ECLI:NL:RBDHA:2025:9972
Rechtbank Den Haag
- Vereenvoudigde behandeling
- Rechtspraak.nl
Niet-ontvankelijkheid van het beroep tegen het niet tijdig beslissen op een asielaanvraag
In deze uitspraak van de Rechtbank Den Haag, zittingsplaats Groningen, wordt het beroep van eiser tegen het niet tijdig beslissen op zijn asielaanvraag van 28 oktober 2023 behandeld. De rechtbank heeft besloten dat een zitting niet nodig is, omdat partijen daarmee instemden.

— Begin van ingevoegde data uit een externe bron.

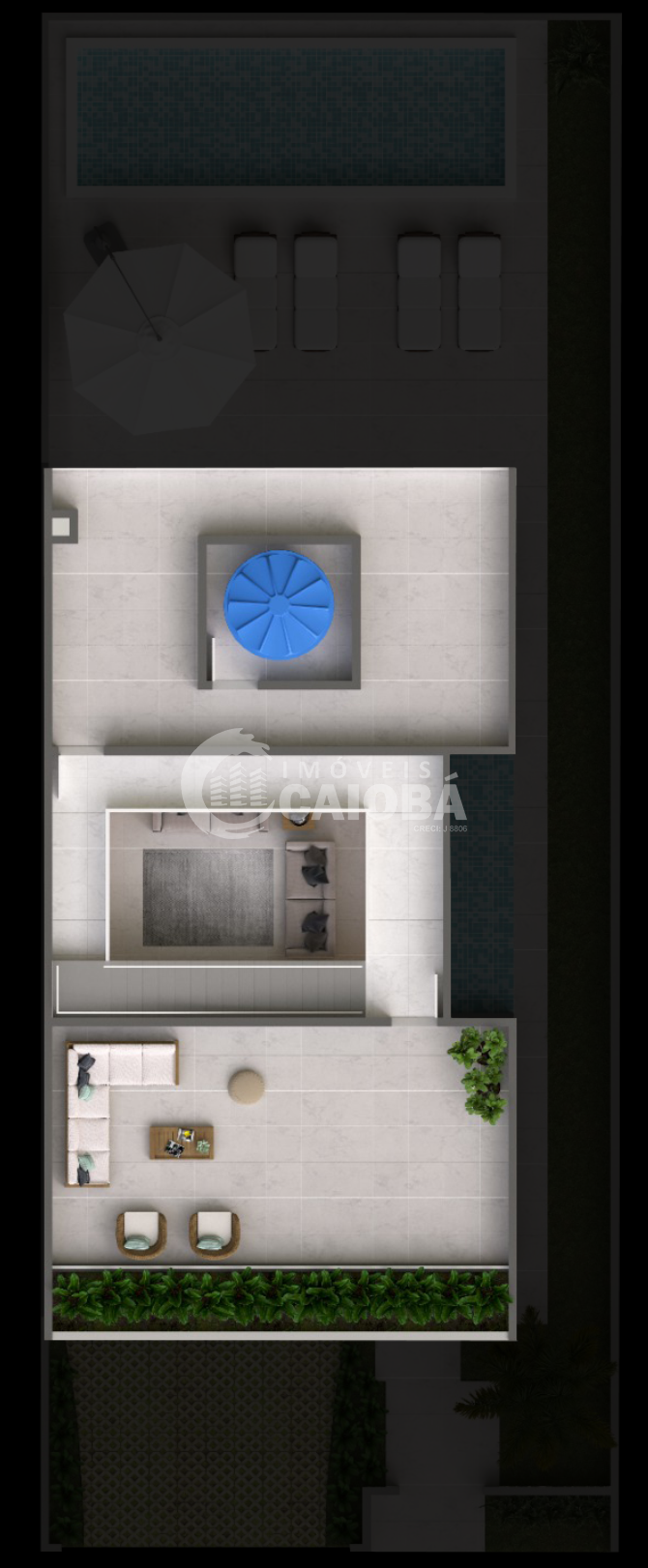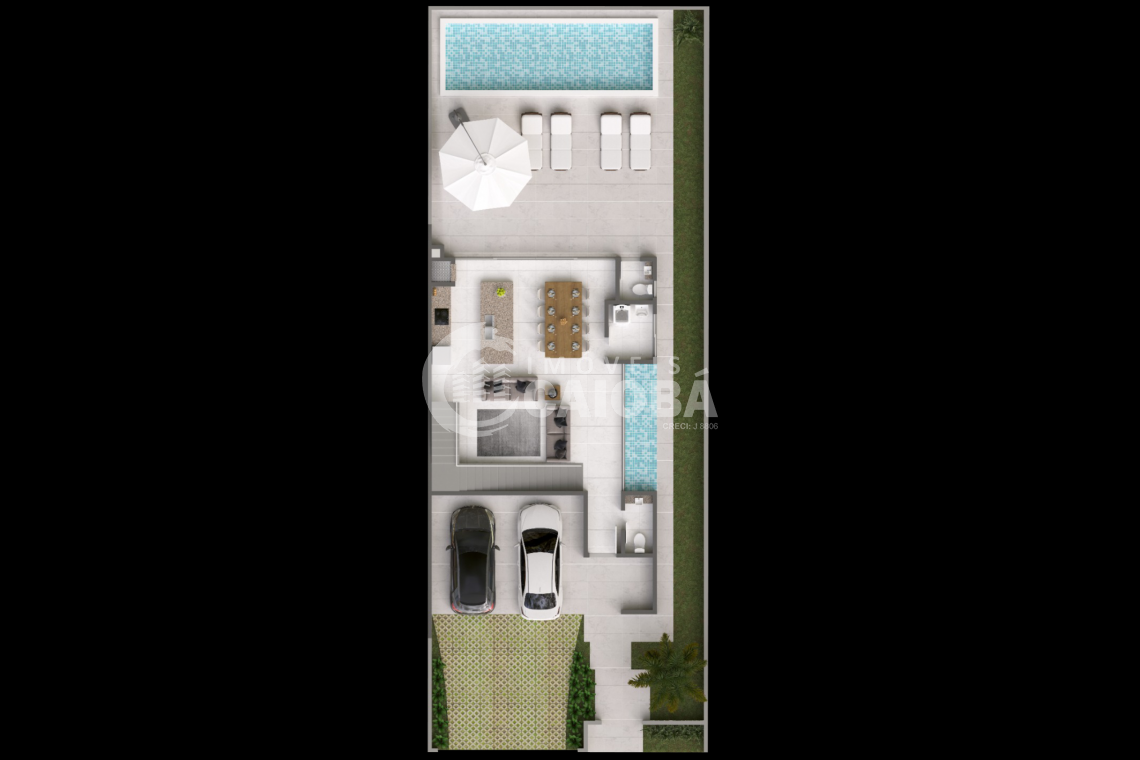 - O Imóvel do projeto possui um Pé direito Triplo no centro, para a entrada de iluminação (Podendo ser fechado e criado outro ambiente a escolha do comprador).

De minister van Asiel en Migratie had de beslistermijn voor de asielaanvraag met negen maanden verlengd, wat resulteerde in een totale beslistermijn van maximaal 21 maanden door het Besluit- en Vertrekmoratorium (BVM) dat op 14 december 2024 in werking trad. Eiser heeft de minister op 29 januari 2025 in gebreke gesteld en zijn beroep op 18 februari 2025 ingediend. De rechtbank oordeelt dat het beroep prematuur is, omdat het BVM al van kracht was op het moment van indienen, waardoor de minister niet kon beslissen op de aanvraag. Eiser kan de minister pas na 17 juni 2025 in gebreke stellen, tenzij het BVM eerder eindigt. De rechtbank concludeert dat het beroep niet-ontvankelijk is en dat de minister geen proceskosten hoeft te vergoeden.